If $f$ is an automorphism of $S_3$, prove that there exists $\sigma\in S_3$ such that $f(\tau)=\sigma\tau\sigma^{-1}$ for every $\tau\in S_3$.
I am not sure what the question is asking. I know that a 3-cycle can be generated from two 2-cycles. So we only need to consider the three transpositions. So am I suppose to consider what $f(\tau)$ equals to by plugging into $\tau=$ $(12), (13), (23)$, and for each $f(\tau)$, I am suppose to look for a specific $\sigma$ and then go through it for each $\tau$.
.
I know that $(13)(12)(31)=(23)$ and $(12)(13)(12)=(23)$. I also done the following calculations:
$(23)(12)(23)=(13)$
$(13)(12)(31)=(23)$
$(12)(12)(12)=(12)$
$(123)(12)(132)=(23)$
$(132)(12)(123)=(13)$
$(13)(23)(31)=(12)$
$(12)(23)(21)=(13)$
$(23)(23)(23)=(23)$
$(123)(23)(132)=(13)$
$(132)(23)(123)=(12)$
$(12)(13)(12)=(23)$
$(23)(13)(22)=(12)$
$(13)(13)(13)=(13)$
$(123)(13)(132)=(12)$
$(132)(12)(123)=(23)$
$(132)(123)(123)=(123)$
$(123)(123)(132)=(123)$
$(12)(123)(21)=(132)$
$(23)(123)(32)=(132)$
$(13)(123)(31)=(132)$
$(132)(132)(123)=(132)$
$(123)(132)(132)=(132)$
$(12)(132)(21)=(123)$
$(13)(132)(31)=(123)$
$(23)(132)(32)=(123)$
Can someone clarify the question for me please. Thank you in advance
Edit: Since the mods chose to close the question, I would like to give an example to see if this is what the question is asking.
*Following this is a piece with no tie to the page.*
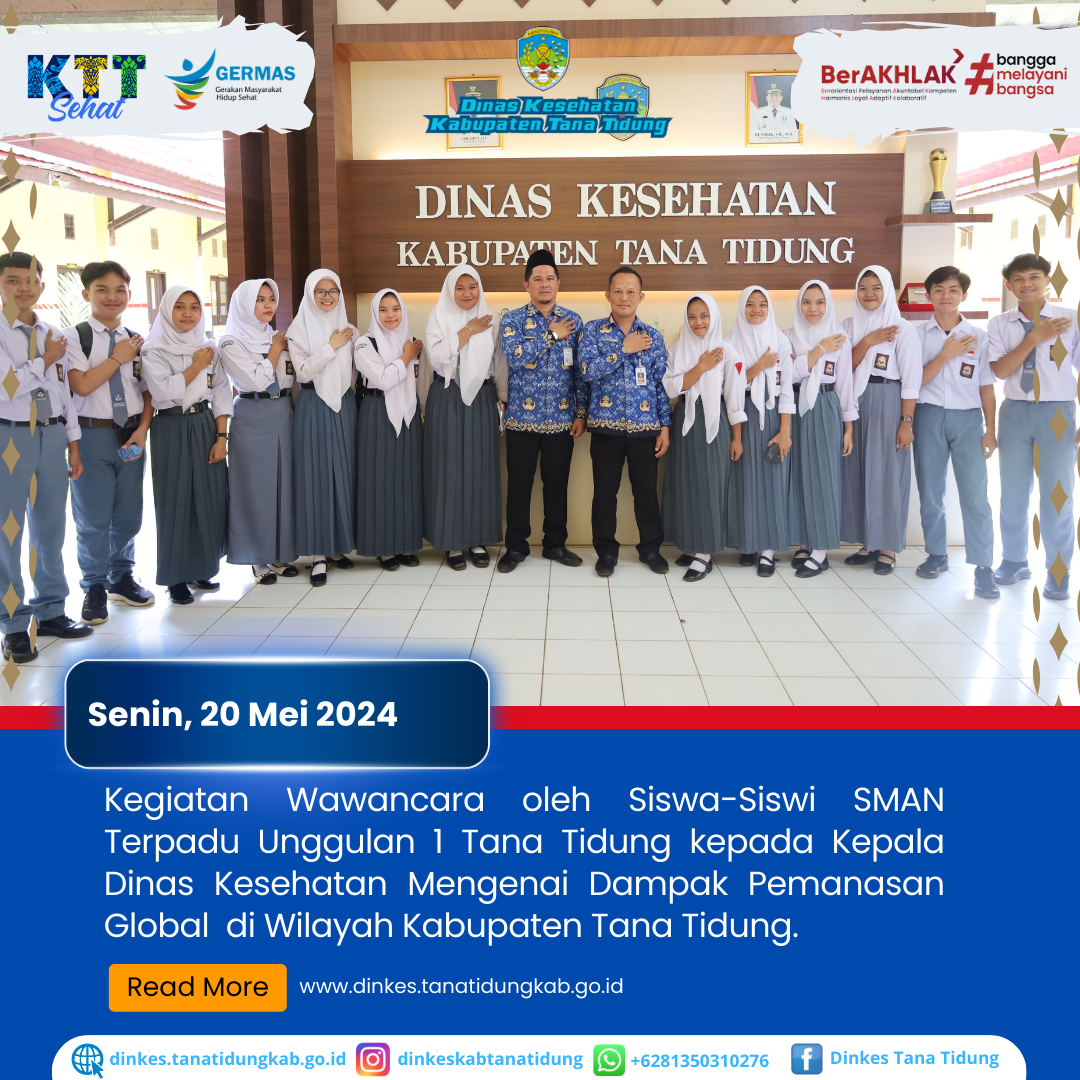 Kepala Dinas Kesehatan Bapak H. Mohamad Sarif, S.Pi., M.HP dan Sekretaris Dinas Kesehatan Bapak dr. Budi Samroni menerima kunjungan wawancara oleh siswa-siswi SMAN ..

Is the question asking for me to do the following: for $\tau=(12)$, we have $f(12)=$ either $(12), (13)$ or $(23)$. If it is $\tau=(12)$, then $\sigma=(12)$ if $f(12)=(13)$, then $\sigma=(23)$ and if $f(12)=(23)$, then $\sigma=(13)$. If the example is not sufficient, what else am I asked to do in the problem. I am really confused over the wording of the question.